# insurance hassle



## peterpeter (Feb 24, 2008)

Thats really annoying

was with Manning UK and they used to include free track cover on a limited mileage policy (5000 a year) now they have withdrawn track cover.

Rang round this afternoon and everyone seems to be saying they are not touching GTRs...especially for track cover!!!

Any suggestions?

Really looking for a policy that has track cover even if I have to pay a small premium

thanks


----------



## Phil69 (Sep 13, 2006)

I'm with Keith Micheals and the last I knew, track cover was still available.


----------



## peterpeter (Feb 24, 2008)

cheers for that 


you were spot on.

Far better quote, no loading for a y pipe and track cover included and £300 cheaper than the previous company!!!

Thank god for GTROC UK!!!!!


----------



## moleman (Jun 3, 2002)

Can I ask?

How many track days included in the price?


----------



## Phil69 (Sep 13, 2006)

Happy to help


----------



## Phil69 (Sep 13, 2006)

I'm not sure if its included in the price. Going by memory from last years renewal, track days are covered at £60 per day....I THINK!! Dont quote me on it.


----------



## peterpeter (Feb 24, 2008)

yes thats right £60 a pop, but thats really not bad at all.
Excess is 10% of the car value, but again, thats fairly normal


----------



## moleman (Jun 3, 2002)

£60 is a very good price.

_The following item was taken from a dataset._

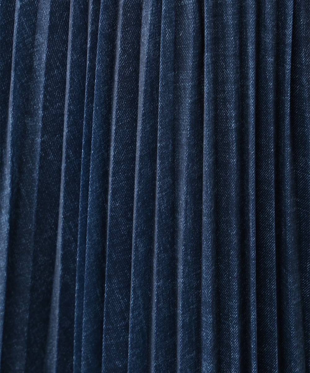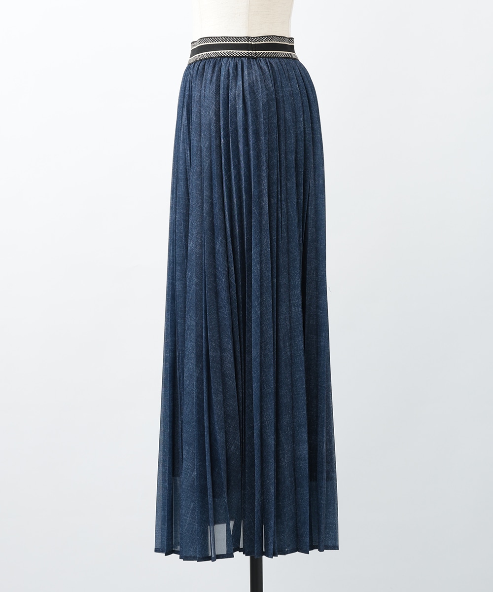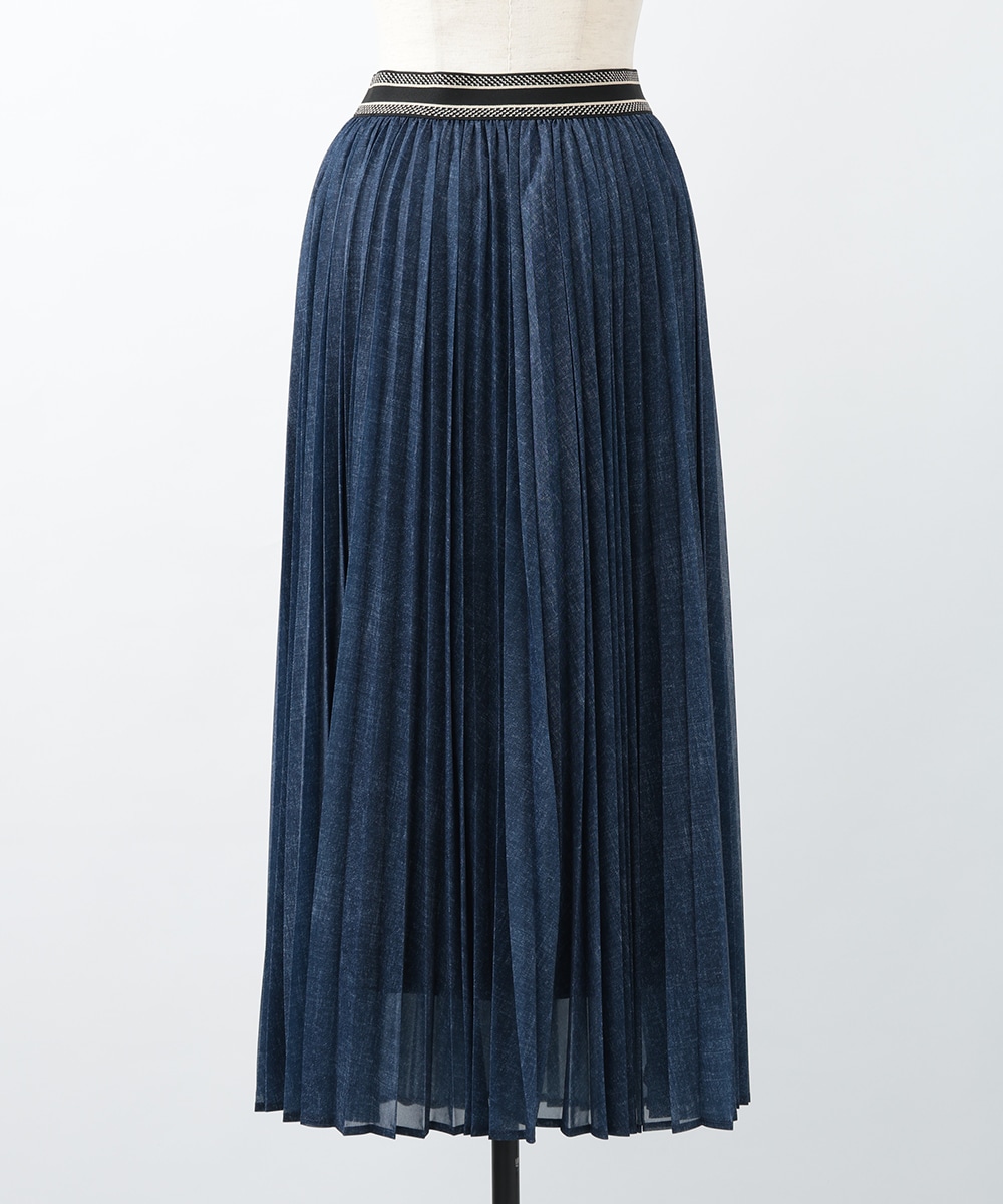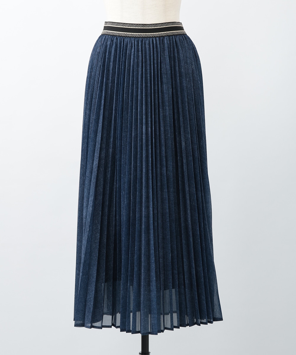 軽やかな透け感を楽しめるシアーデニム生地を使用したスカート。プリーツ加工を施して上品に仕上げたカジュアルになりすぎないデザイン。ウエストの配色ラインがアクセントになるため、トップスをタックインしたスタイリングもおすすめ。暖かい季節のお出かけスタイルに大活躍するアイテムです。

Is that regardless of insured value?


----------



## JOEJOETHEJOEY (Sep 20, 2009)

I don't really intend to take mine on track. I'm with Elephant at the mo, but if I was to decide to track it, what options do I have?


----------



## Zed Ed (Oct 24, 2007)

JOEJOETHEJOEY said:


> I don't really intend to take mine on track. I'm with Elephant at the mo, but if I was to decide to track it, what options do I have?


you can get stand alone trackday policies e.g. vaild for the day you go out.

I've used Pace Ward and Competition Car Insurance for my 35.

Not cheap 

Or you can just not bother


----------